View Full Version : Problems after executing instructions in Ubuntu Wiki LTSEnablementStack

February 4th, 2014, 11:39 PM
In the process of trying to get a dongle working, (see this thread (http://ubuntuforums.org/showthread.php?t=2197164)) I performed an update in accordance with the instructions in LTSEnablementStack (https://wiki.ubuntu.com/Kernel/LTSEnablementStack). This allowed me to get a Nokia CS-15 working. However, I now have some other problems. Firstly, the Network manager doesn't start when I log in. Secondly, my .profile doesn't appear to run when I log in. when I first check $PATH I get a different result to what I get when i run the .profile explicitly:

achim@achim-W840SU-Series:~$ echo $PATH
achim@achim-W840SU-Series:~$ . .profile
achim@achim-W840SU-Series:~$ echo $PATH

Thirdly, an update from the Update Manager gave me the following response:

Requires installation of untrusted packages
Listing the details showed the following:

libnautilus-extension1a linux-headers-3.11.0-15
linux-headers-3.8.0-35 linux-headers-3.8.0-35-generic
linux-image-3.11.0-15-generic linux-image-3.8.0-35-generic
There are a number of posts about similar problems.

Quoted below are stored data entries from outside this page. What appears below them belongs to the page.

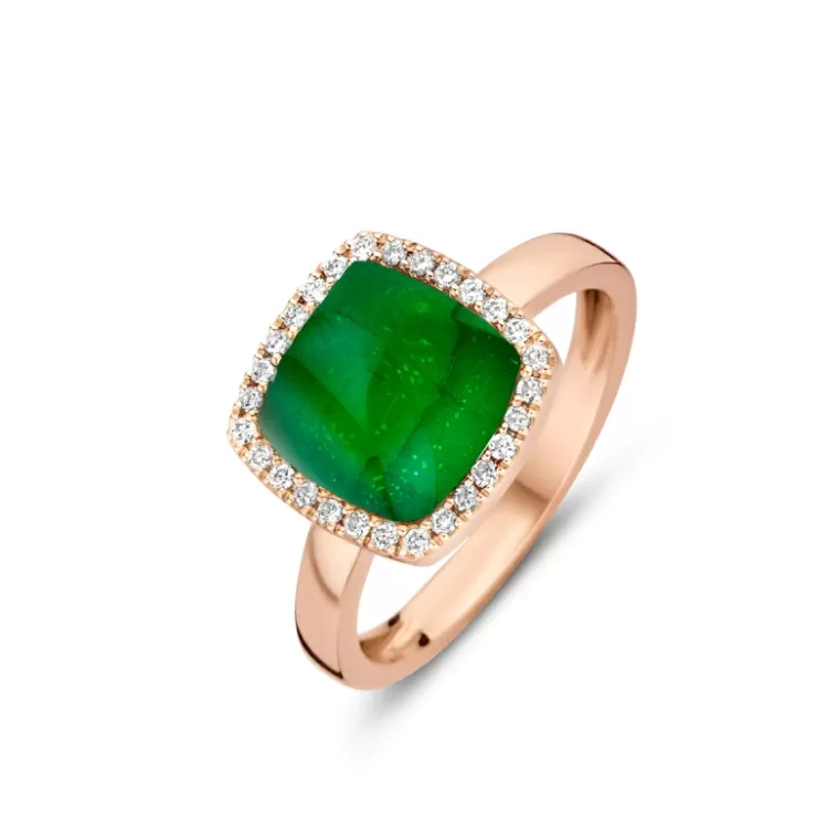 Pantelleria ring in 18 kt rose gold with quartz and emerald on MOP and diamonds.
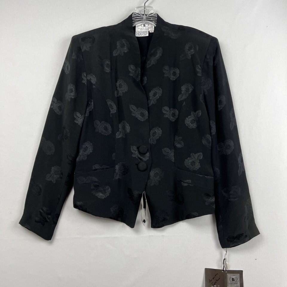 Vintage Flora Kung New York Jacket Womens size 8 Silk Floral Black
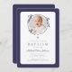 Elegant Navy Blue Bow Photo Boy Baptism Invitation. For best results upload a square image of the baby.
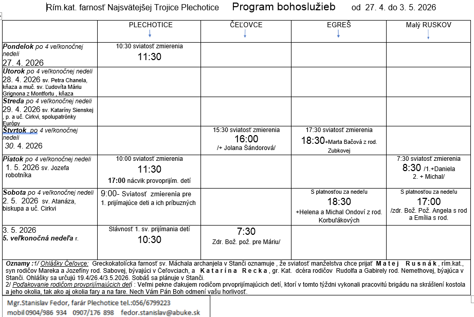 Program bohoslužieb týždeň od 27.04.2026 do 03.05.2026
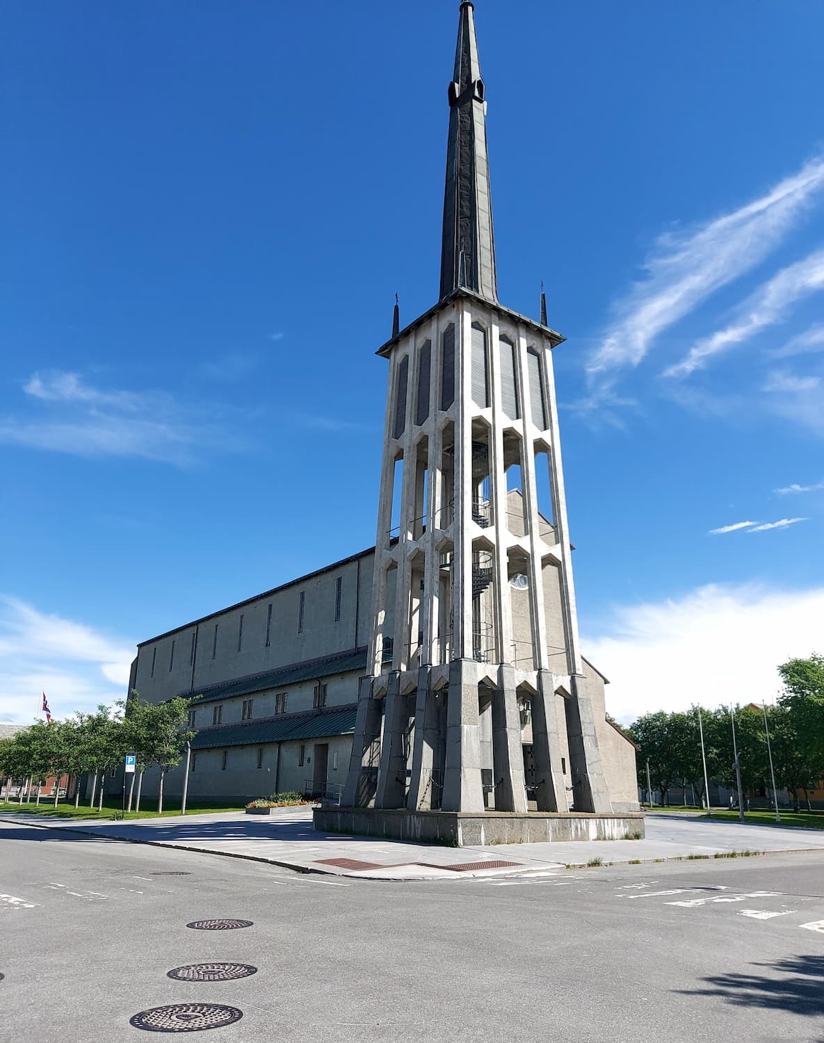 Architectural marvel. Standing tall in the heart of Bodø’s town center, the cathedral immediately caught my eye with its striking concrete basilica design and distinctive 36-meter free-standing clock tower. I spent a peaceful morning exploring this unique church, which sits perfectly positioned on the brink between the steep coastal slope and the upper flat plain about 20 meters above sea level. What makes this cathedral special isn’t ornate gold decoration or ancient stonework, but rather its clean modernist lines and the way northern light filters through its impressive stained glass windows.
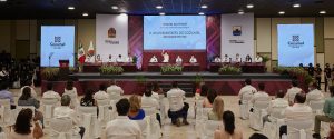 Mientras que, en el interior del Centro de Convenciones, se contó con un aforo limitado y con los asientos acomodados conforme a los lineamientos estipulados por las autoridades federales de salud, que recomiendan mantener la sana distancia, asimismo, se sanitizó de forma constante cada una de las áreas del local.
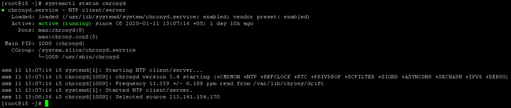 Как и любой другой сервис, после установки chrony нужно включить и добавить в автозагрузку:
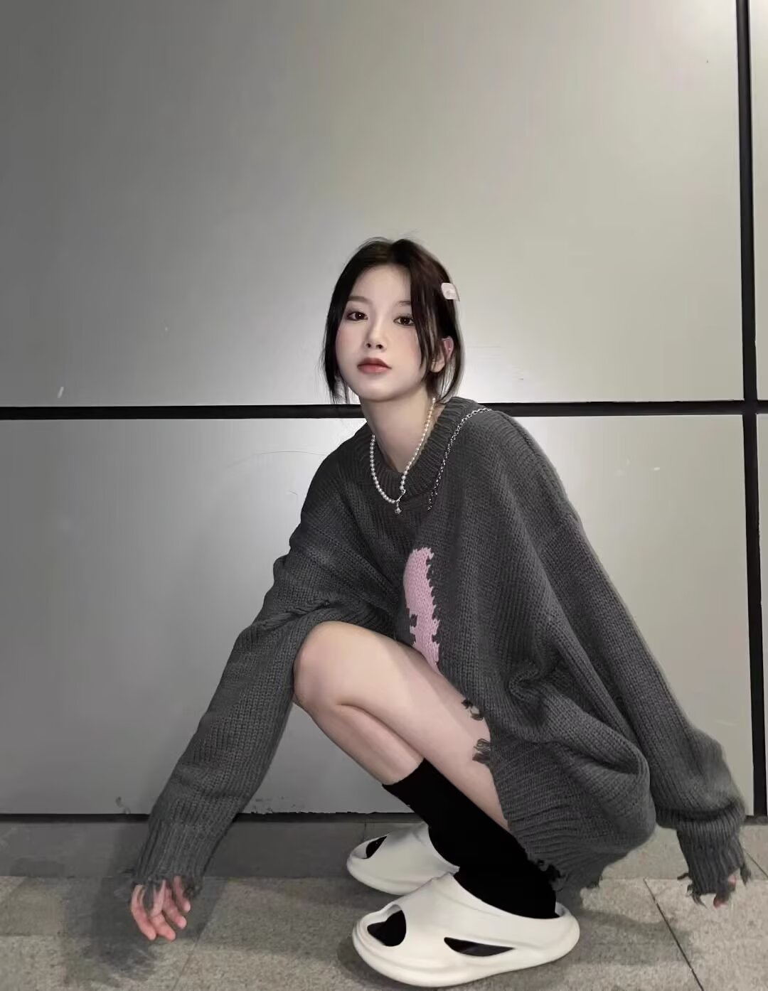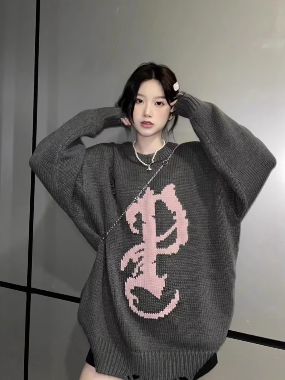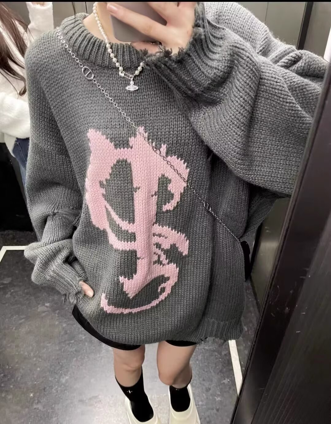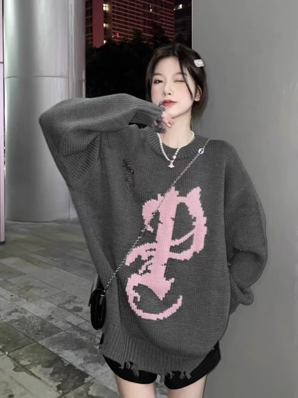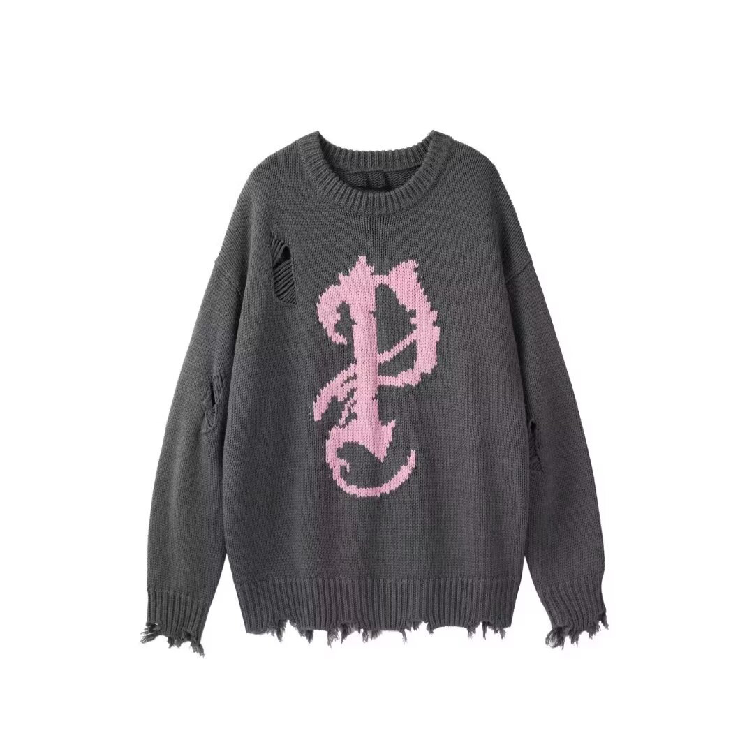 인터넷 연예인 패션 브랜드 Ins 니트 스웨터 편지 하이 스트리트 불규칙한 파괴 풀린 올 매치 남자 크루 넥 스웨터

The one that seemed to be the most relevant is this one (http://ubuntuforums.org/showthread.php?t=2173022&highlight=Requires+installation+untrusted+packages ). The problem is that the solution not only involves an update, but also an upgrade. I do not want to upgrade, I want to stick with 12.04 LTS at least until the next LTS version is available or (maybe) until support for 12.04 runs out. I did the "sudo apt-get update" thing, so that might keep the Update Manager happy for a while, though looking at the output, I rather doubt it.

So 3 questions:
1. Will setting "managed = true" in NetworkManager.conf fix the problem with the network manager, so that I can again use a LAN or WLAN connection?
2. Why is my .profile not being executed?
3. Is there any way to avoid having to do manual updates, since the Update Manager won't allow the "unsecure" updates?

Additional Info:
Something I forgot to mention is that at start-up the screen displays "Waiting for network configuration". It then waits for around 2 minutes before presenting me with the log-in screen.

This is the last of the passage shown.